サッカーのEFLチャンピオンズシップ(イングランド2部)で大暴れしている日本人プレーヤーがいる。今夏、海を渡ってブラックバーン・ロヴァーズに所属するFW大橋祐紀だ。
大橋が圧巻だったのは、9月14日に行われた第5節ブリストル・シティ戦でのこと。
後半10分にブラックバーンがカウンターを仕掛け、MFティリス・ドーランが敵陣までボールを運ぶと、ペナルティエリアの手前で左サイドでフリーの大橋にパス。迷うことなくダイレクトでシュートを放つと、ゴール右隅に豪快に突き刺さった。
さらに、後半25分に今度は右サイドのゴール前付近でボールを受けると、相手DFをワンフェイントでかわして中央にカットイン。左足から放たれたボールは弧を描きながら左隅のサイドネットに吸い込まれた。
これでリーグ戦とカップ戦合わせて、公式戦7試合で5ゴール。28歳の遅咲きのストライカーは飛ぶ鳥を落とす勢いでゴールを量産している。
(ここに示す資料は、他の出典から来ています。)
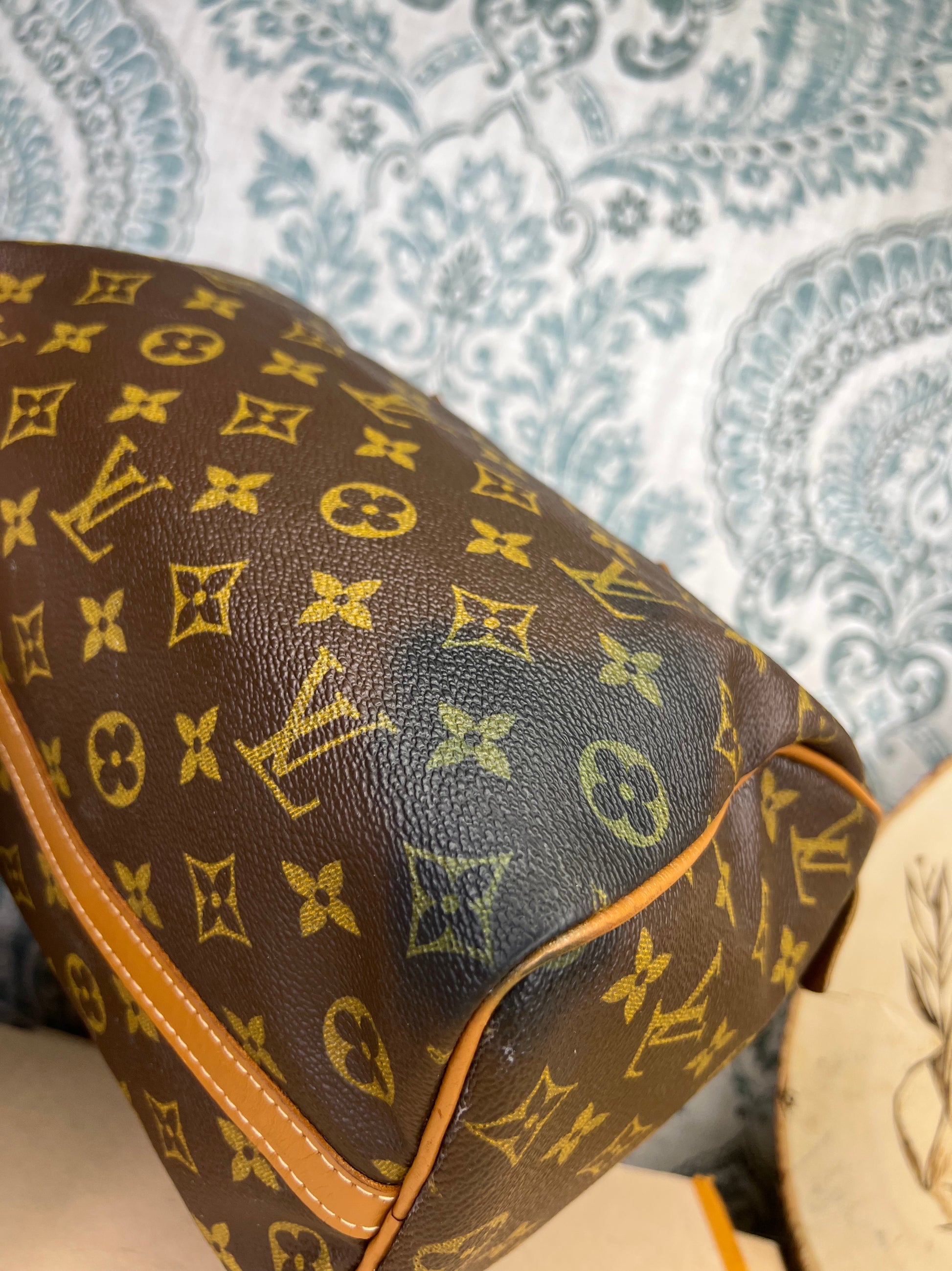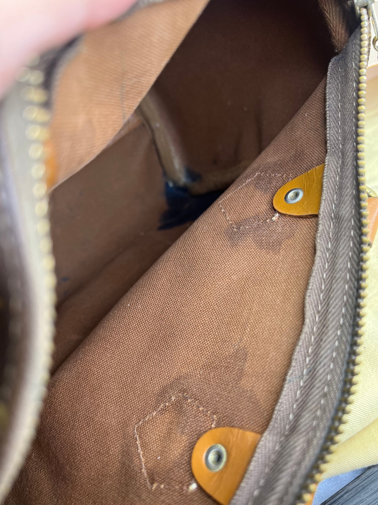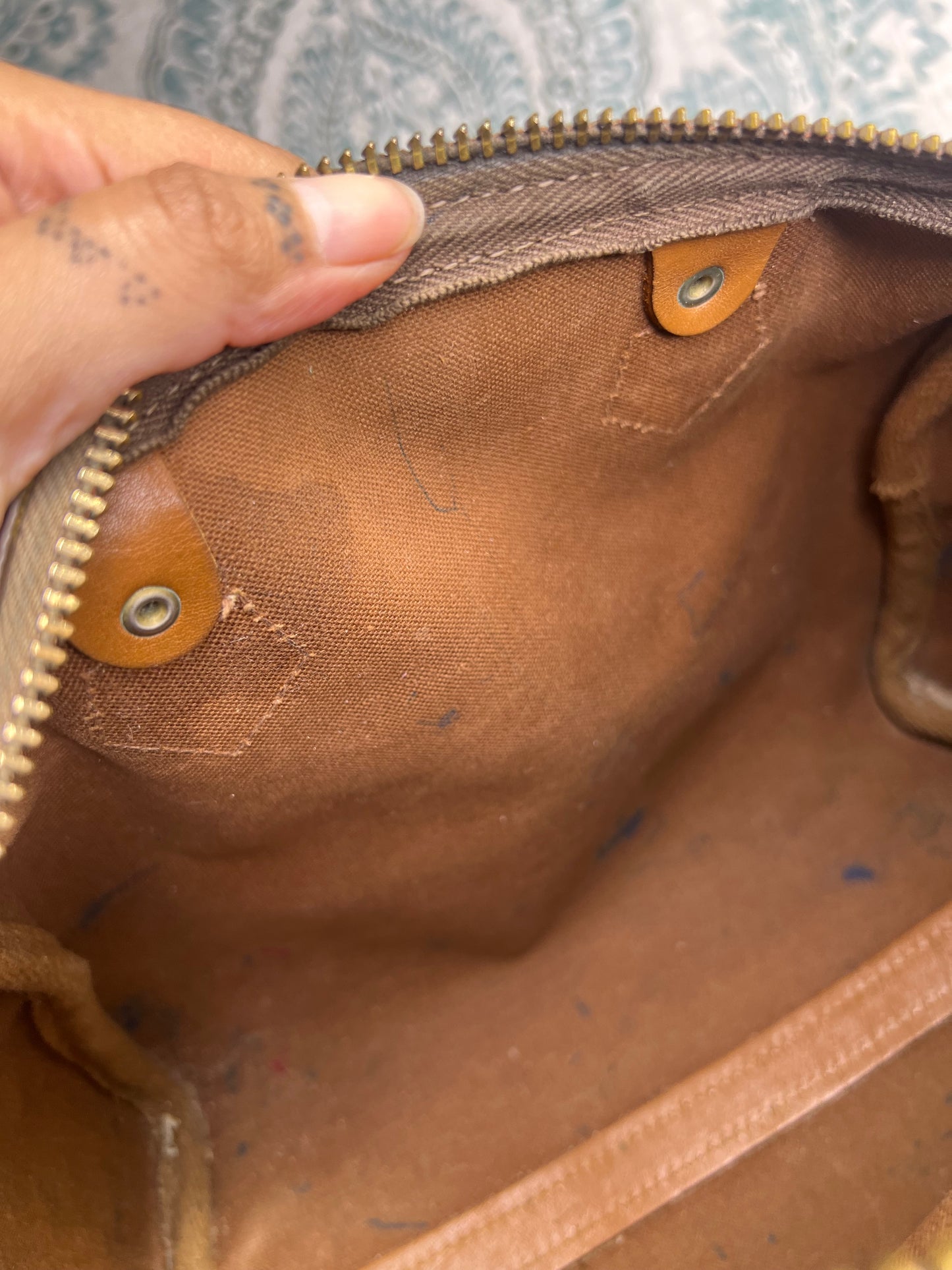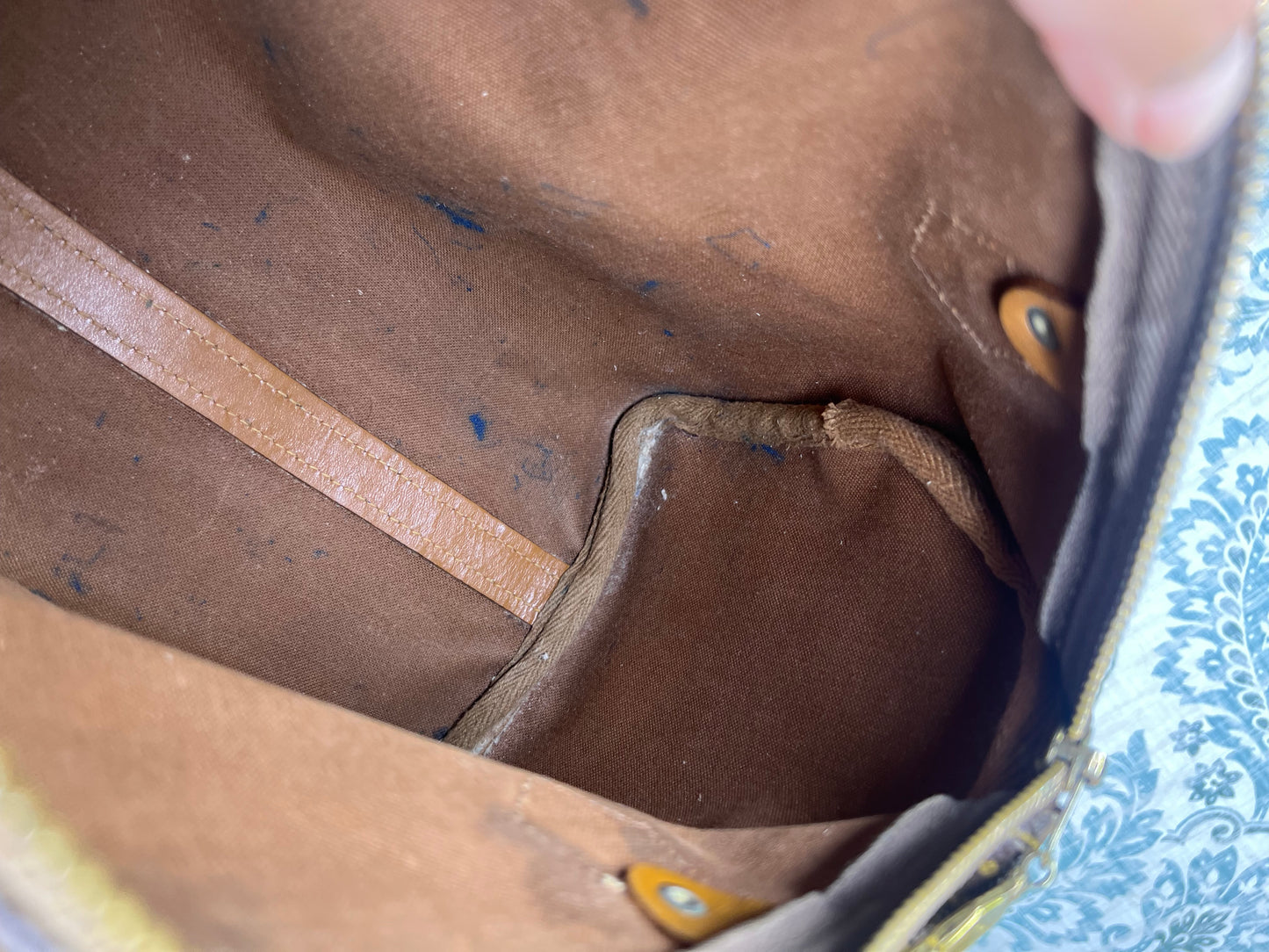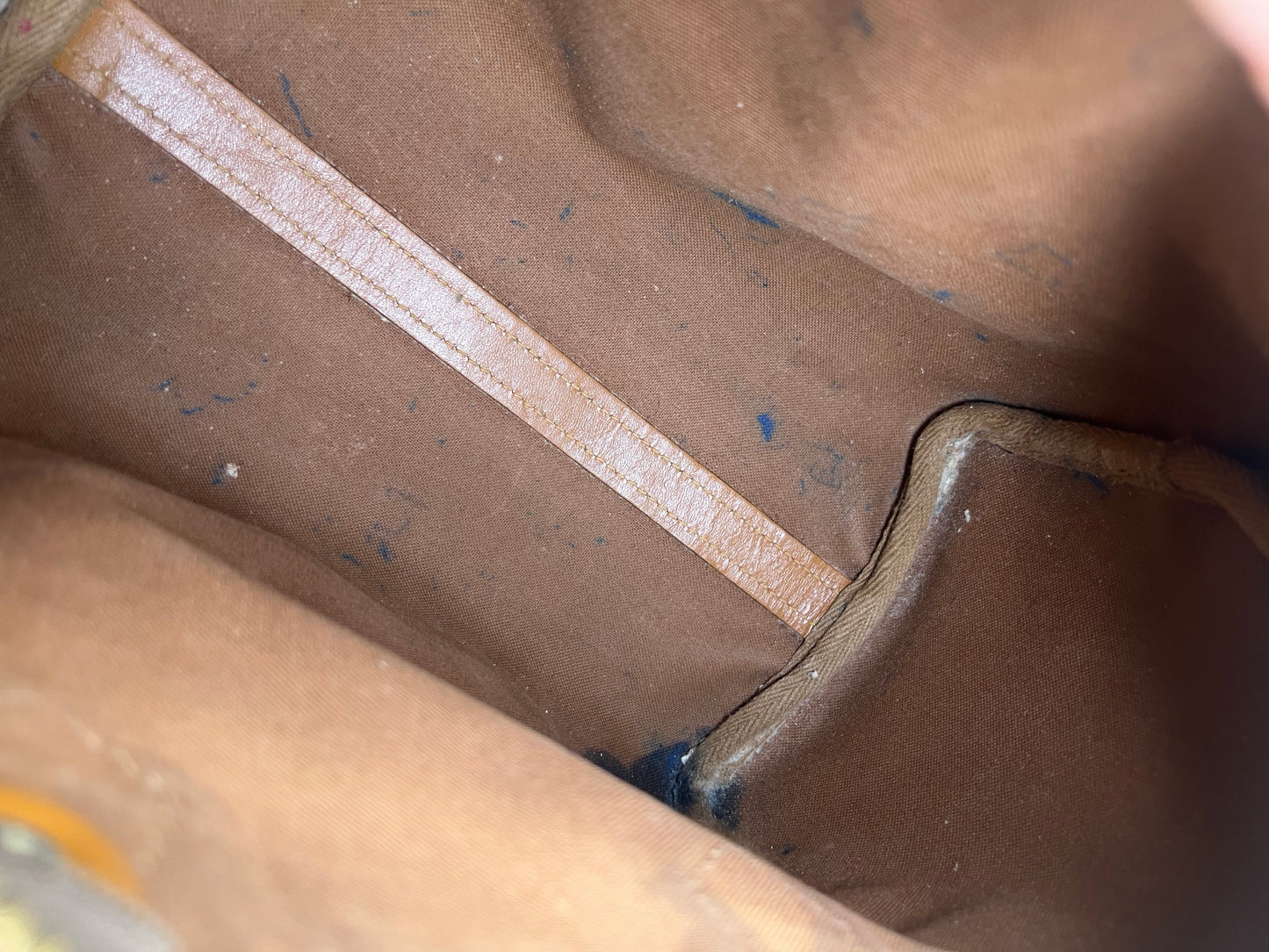 🌸 Canvas is in great shape and crack free. Nice and thick vintage canvas. Monogram is bright and clear, only minor amount of speckled fading but overall very bright and clear. There is an ink stains towards the base at one corner of the bag

大橋のプレーの特徴について、欧州に詳しいサッカーライターがこう話す。
「ブリストル・シティ戦では両足で力強いシュートでゴールを決めていますが、ヘディングで合わせるのも上手いんです。181センチの身長は海外では大きくありませんが、ポストプレーに強く、前線から献身的なハードワークで汗をかけるのはかなり魅力的ですね」
だが、海外移籍の夢を叶えた大橋のプロ生活は苦難の連続だった。中央大学を卒業後、2019年にJ1ベルマーレ平塚に入団。
デビュー1年目から活躍が期待されたが、第9節のサガン鳥栖戦で右足前十字靭帯損傷、外側側副靭帯損傷、大腿二頭筋損傷で全治8カ月の大ケガを負った。
負の連鎖は続き、翌年3月のトレーニングマッチで負傷し、右反復性肩関節脱臼で全治5カ月。同年8月にはトレーニング中にケガをして、左鎖骨骨折で全治3カ月の診断が下され、プロ生活はリハビリに時間を費やされた。まさに「ケガのデパート」だった。
そんな治ってはケガを繰り返した大器晩成が花開いたのは、23年シーズンのこと。
開幕戦の鳥栖戦でハットトリックを達成するなど、リーグ戦23試合で13ゴールを記録。その活躍が認められ、今年1月にサンフレッチェ広島に加入すると、エースとして11ゴールを奪い、リーグ4位タイの得点数をマークした。
「ノリノリの無双状態で手がつけられない感じでした。ですが、広島の優勝争いの真っ最中にブラックバーンからオファーが届きました。大橋にとって年齢的に海外移籍はラストチャンスになる可能性が高く、加入の半年で広島を離れることを決断したのです。現地メディアでは、日本での実績しかない大橋に懐疑的な報道が出ていましたが、すぐに結果で黙らせたということです」(前出・サッカーライター)
昨シーズンのブラックバーンは絶不調で最後まで3部への降格争いを味わっていた。今季は〝救世主〟の登場で、首位のウェストブロミッジ・アルビオンと勝ち点2差の3位と、好調をキープしている。
このままゴールを重ねてチームを1部へ導くようなことがあれば、この「不屈の男」が日本代表に初選出される可能性はある。大橋が旋風を巻き起こす日を見てみたいサッカーファンは多いことだろう。